In the entries below, find the line with "บริษัท เว็ทซินโนว่า จำกัด" and the line with "8.⑧に自動でパスワードが表示される。". Reproduce those two lines and every line between them exactly, and nothing more.

##### GIVEN RECORDS

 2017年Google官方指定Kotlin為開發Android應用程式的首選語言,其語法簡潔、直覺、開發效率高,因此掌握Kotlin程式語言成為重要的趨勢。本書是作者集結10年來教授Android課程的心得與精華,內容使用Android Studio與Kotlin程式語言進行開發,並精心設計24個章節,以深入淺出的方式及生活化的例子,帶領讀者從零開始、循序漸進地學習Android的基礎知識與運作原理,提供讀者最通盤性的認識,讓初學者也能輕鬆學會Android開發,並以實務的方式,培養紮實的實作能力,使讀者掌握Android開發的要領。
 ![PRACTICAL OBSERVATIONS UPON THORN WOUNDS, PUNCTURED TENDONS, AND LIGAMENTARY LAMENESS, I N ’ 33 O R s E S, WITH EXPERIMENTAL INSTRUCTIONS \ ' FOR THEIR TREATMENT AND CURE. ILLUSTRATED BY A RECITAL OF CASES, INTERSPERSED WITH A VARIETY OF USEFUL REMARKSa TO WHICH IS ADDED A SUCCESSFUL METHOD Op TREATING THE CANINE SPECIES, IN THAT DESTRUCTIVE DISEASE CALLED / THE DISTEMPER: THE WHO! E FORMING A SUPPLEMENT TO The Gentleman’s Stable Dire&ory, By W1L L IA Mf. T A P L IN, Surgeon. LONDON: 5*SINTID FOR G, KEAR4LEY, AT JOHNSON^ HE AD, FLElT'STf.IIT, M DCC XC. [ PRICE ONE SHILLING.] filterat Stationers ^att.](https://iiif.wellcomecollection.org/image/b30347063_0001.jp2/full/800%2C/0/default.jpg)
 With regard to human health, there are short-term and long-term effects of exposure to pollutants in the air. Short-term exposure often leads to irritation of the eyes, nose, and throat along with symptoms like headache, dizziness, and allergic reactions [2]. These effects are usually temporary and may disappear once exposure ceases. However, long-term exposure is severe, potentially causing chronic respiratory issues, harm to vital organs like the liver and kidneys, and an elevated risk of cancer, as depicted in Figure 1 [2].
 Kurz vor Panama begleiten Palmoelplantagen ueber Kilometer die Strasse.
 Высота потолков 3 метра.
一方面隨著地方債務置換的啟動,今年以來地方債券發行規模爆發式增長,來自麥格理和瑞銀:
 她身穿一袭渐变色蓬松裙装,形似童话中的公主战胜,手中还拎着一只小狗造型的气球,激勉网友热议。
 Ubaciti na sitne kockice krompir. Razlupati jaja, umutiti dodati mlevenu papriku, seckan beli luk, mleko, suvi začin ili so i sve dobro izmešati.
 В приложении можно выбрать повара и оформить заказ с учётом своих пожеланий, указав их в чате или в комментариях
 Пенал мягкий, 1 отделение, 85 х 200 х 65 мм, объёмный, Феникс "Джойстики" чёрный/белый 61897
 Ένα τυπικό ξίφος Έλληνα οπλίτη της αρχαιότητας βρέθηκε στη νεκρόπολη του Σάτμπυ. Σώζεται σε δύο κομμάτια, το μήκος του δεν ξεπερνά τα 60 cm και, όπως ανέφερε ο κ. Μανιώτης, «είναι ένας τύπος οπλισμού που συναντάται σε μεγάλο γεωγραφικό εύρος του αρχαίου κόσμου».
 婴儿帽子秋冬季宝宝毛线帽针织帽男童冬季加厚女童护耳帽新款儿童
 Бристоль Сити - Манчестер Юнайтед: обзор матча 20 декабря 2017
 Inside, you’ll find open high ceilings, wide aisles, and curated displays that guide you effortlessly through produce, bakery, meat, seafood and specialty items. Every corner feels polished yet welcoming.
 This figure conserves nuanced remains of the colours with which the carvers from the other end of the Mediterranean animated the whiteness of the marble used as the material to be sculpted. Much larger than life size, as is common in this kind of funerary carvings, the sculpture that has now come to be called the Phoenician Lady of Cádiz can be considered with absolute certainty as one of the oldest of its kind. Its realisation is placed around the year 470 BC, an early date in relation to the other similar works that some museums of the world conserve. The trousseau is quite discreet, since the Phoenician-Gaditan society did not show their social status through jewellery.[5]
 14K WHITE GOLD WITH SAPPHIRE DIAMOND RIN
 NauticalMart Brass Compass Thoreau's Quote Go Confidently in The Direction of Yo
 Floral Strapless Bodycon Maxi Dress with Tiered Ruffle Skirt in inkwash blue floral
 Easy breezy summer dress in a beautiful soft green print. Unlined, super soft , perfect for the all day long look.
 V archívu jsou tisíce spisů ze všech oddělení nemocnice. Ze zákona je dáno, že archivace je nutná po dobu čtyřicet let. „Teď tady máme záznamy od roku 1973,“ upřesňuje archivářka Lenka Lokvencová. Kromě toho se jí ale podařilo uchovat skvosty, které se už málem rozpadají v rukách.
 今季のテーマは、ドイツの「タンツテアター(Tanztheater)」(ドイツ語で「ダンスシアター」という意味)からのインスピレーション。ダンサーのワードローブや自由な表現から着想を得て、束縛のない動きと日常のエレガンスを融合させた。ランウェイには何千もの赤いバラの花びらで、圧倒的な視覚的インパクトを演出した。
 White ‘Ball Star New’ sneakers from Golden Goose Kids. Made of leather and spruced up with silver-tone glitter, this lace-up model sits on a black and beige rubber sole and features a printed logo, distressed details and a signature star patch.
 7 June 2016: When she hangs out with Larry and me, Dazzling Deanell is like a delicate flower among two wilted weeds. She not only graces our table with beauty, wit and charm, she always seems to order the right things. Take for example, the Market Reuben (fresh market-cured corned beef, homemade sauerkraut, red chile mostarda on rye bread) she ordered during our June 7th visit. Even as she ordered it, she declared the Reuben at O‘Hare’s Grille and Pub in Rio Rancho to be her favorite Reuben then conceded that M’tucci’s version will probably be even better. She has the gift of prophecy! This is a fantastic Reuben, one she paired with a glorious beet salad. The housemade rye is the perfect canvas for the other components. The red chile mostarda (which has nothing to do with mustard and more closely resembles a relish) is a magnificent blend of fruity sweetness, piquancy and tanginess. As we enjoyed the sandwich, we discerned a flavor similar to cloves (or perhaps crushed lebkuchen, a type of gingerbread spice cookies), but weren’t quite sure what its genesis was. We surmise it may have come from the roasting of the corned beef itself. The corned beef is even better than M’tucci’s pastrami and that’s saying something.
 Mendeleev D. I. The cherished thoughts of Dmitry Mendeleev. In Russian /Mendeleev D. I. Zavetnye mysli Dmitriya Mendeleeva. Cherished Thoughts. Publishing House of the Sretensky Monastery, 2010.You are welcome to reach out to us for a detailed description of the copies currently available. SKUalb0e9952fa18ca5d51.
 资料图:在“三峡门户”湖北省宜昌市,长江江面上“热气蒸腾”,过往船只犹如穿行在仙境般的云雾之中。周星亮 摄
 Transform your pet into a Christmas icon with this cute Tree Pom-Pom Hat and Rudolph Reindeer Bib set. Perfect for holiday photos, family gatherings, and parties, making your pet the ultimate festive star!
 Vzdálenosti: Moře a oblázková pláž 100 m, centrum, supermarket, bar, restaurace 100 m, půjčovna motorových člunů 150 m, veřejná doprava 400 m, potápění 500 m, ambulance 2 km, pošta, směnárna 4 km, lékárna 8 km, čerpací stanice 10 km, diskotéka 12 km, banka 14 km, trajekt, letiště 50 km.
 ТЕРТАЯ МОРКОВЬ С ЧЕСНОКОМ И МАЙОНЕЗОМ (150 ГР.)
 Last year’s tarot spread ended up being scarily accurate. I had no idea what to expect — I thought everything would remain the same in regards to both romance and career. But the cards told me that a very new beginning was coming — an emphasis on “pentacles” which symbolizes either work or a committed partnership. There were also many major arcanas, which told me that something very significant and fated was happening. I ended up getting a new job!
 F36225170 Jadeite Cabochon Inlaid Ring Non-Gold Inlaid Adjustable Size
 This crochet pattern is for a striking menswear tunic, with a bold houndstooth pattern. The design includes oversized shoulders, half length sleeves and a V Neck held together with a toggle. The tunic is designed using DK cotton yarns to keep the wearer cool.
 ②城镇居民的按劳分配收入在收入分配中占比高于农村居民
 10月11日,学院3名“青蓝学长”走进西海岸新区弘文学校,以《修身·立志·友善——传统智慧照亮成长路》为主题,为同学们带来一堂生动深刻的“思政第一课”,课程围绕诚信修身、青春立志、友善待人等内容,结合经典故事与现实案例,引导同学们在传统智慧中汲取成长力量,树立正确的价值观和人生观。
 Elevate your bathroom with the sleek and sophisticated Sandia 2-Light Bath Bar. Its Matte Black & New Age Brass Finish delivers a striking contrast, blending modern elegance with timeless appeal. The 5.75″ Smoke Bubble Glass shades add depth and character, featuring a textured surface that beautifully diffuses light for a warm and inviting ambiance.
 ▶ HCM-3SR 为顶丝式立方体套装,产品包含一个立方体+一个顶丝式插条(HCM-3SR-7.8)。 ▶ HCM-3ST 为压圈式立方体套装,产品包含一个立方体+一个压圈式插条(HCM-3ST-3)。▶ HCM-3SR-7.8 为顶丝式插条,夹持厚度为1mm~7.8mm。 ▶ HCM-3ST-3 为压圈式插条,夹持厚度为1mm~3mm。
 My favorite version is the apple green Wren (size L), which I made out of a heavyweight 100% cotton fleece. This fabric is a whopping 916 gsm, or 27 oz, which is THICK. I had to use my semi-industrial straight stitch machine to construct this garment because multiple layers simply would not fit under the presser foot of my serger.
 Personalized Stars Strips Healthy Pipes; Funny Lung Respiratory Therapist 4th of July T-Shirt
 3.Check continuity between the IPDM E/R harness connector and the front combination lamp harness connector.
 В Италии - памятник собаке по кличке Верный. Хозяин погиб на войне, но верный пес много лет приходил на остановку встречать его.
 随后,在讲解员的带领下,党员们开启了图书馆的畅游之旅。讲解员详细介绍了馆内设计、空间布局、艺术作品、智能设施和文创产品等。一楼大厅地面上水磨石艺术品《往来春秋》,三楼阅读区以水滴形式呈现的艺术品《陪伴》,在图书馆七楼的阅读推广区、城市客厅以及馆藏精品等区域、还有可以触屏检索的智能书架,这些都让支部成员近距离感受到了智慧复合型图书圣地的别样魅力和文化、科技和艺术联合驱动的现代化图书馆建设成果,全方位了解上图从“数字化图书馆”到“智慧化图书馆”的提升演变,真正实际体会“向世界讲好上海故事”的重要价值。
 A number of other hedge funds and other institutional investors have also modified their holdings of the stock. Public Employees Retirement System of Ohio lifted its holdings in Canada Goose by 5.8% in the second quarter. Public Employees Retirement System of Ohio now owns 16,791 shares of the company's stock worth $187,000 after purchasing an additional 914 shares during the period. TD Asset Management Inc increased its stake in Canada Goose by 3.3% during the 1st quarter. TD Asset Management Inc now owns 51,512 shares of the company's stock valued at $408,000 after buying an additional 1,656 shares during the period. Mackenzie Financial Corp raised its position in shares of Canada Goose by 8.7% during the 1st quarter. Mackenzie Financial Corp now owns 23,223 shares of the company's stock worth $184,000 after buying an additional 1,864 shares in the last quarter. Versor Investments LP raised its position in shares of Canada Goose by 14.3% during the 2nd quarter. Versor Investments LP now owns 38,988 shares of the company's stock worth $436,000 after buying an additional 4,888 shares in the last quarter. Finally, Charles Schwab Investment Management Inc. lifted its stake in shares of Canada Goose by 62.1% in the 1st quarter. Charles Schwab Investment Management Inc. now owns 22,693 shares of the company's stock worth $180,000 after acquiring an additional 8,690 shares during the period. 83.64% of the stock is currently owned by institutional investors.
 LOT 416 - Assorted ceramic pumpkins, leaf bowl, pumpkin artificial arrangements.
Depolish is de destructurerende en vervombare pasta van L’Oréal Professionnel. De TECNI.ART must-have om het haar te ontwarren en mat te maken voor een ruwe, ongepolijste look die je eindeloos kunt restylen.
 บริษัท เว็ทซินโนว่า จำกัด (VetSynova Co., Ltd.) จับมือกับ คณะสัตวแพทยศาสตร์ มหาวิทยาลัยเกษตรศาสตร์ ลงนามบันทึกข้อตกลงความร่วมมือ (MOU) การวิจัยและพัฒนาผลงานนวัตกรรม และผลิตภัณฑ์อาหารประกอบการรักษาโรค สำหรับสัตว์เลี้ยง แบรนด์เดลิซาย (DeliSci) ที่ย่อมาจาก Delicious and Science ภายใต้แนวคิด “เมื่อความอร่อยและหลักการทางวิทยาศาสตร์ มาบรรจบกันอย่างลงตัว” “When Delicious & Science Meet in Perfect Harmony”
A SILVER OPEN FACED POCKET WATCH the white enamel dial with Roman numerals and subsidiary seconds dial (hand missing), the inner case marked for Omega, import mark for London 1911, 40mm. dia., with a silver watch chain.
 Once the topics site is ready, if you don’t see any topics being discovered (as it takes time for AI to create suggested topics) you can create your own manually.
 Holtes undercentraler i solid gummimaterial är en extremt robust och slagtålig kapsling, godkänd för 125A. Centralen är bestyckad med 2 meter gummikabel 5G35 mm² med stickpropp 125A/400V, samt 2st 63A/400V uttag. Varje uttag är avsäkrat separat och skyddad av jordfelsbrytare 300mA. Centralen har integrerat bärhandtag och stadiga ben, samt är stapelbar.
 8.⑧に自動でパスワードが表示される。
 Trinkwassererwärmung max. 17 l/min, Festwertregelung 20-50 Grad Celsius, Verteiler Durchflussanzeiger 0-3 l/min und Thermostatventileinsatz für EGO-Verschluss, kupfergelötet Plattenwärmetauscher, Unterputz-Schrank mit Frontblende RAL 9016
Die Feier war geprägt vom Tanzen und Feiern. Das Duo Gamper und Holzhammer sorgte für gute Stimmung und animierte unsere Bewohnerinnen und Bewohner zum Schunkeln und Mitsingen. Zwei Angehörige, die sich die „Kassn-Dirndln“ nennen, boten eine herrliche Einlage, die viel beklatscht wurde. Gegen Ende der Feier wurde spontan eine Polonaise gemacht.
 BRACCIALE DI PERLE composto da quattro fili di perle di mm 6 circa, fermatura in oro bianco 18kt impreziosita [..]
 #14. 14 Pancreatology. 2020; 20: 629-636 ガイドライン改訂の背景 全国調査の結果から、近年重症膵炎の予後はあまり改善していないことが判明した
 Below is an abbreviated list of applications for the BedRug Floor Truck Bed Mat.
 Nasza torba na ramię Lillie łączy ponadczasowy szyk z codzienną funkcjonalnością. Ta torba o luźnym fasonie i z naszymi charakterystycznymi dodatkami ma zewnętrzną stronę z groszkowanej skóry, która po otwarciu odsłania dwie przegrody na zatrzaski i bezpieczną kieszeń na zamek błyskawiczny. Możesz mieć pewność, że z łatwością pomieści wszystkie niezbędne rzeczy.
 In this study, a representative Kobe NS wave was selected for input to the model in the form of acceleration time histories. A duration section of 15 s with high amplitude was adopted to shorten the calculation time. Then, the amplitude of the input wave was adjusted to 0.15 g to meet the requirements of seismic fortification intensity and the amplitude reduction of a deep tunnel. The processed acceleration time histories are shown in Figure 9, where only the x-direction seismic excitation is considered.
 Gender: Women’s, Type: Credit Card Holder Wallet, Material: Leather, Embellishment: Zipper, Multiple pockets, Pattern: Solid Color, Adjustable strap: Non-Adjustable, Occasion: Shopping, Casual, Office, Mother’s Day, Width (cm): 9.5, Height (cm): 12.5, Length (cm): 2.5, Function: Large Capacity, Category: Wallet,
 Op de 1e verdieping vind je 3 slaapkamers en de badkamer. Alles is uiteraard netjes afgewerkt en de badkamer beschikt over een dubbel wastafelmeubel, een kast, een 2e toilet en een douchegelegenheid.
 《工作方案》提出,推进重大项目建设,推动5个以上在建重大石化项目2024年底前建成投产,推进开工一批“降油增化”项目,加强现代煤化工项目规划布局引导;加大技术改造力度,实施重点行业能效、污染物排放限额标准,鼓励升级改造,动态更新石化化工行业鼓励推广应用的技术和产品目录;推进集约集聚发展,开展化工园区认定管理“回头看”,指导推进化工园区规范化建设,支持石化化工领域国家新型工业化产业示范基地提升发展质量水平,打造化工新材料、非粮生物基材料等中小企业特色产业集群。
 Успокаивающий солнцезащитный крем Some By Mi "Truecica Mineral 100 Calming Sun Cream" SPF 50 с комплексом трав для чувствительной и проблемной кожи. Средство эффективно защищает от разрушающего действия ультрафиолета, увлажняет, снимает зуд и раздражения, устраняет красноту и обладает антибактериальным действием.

##########

* _EXERCISE RESPONSE_:
 บริษัท เว็ทซินโนว่า จำกัด (VetSynova Co., Ltd.) จับมือกับ คณะสัตวแพทยศาสตร์ มหาวิทยาลัยเกษตรศาสตร์ ลงนามบันทึกข้อตกลงความร่วมมือ (MOU) การวิจัยและพัฒนาผลงานนวัตกรรม และผลิตภัณฑ์อาหารประกอบการรักษาโรค สำหรับสัตว์เลี้ยง แบรนด์เดลิซาย (DeliSci) ที่ย่อมาจาก Delicious and Science ภายใต้แนวคิด “เมื่อความอร่อยและหลักการทางวิทยาศาสตร์ มาบรรจบกันอย่างลงตัว” “When Delicious & Science Meet in Perfect Harmony”
A SILVER OPEN FACED POCKET WATCH the white enamel dial with Roman numerals and subsidiary seconds dial (hand missing), the inner case marked for Omega, import mark for London 1911, 40mm. dia., with a silver watch chain.
 Once the topics site is ready, if you don’t see any topics being discovered (as it takes time for AI to create suggested topics) you can create your own manually.
 Holtes undercentraler i solid gummimaterial är en extremt robust och slagtålig kapsling, godkänd för 125A. Centralen är bestyckad med 2 meter gummikabel 5G35 mm² med stickpropp 125A/400V, samt 2st 63A/400V uttag. Varje uttag är avsäkrat separat och skyddad av jordfelsbrytare 300mA. Centralen har integrerat bärhandtag och stadiga ben, samt är stapelbar.
 8.⑧に自動でパスワードが表示される。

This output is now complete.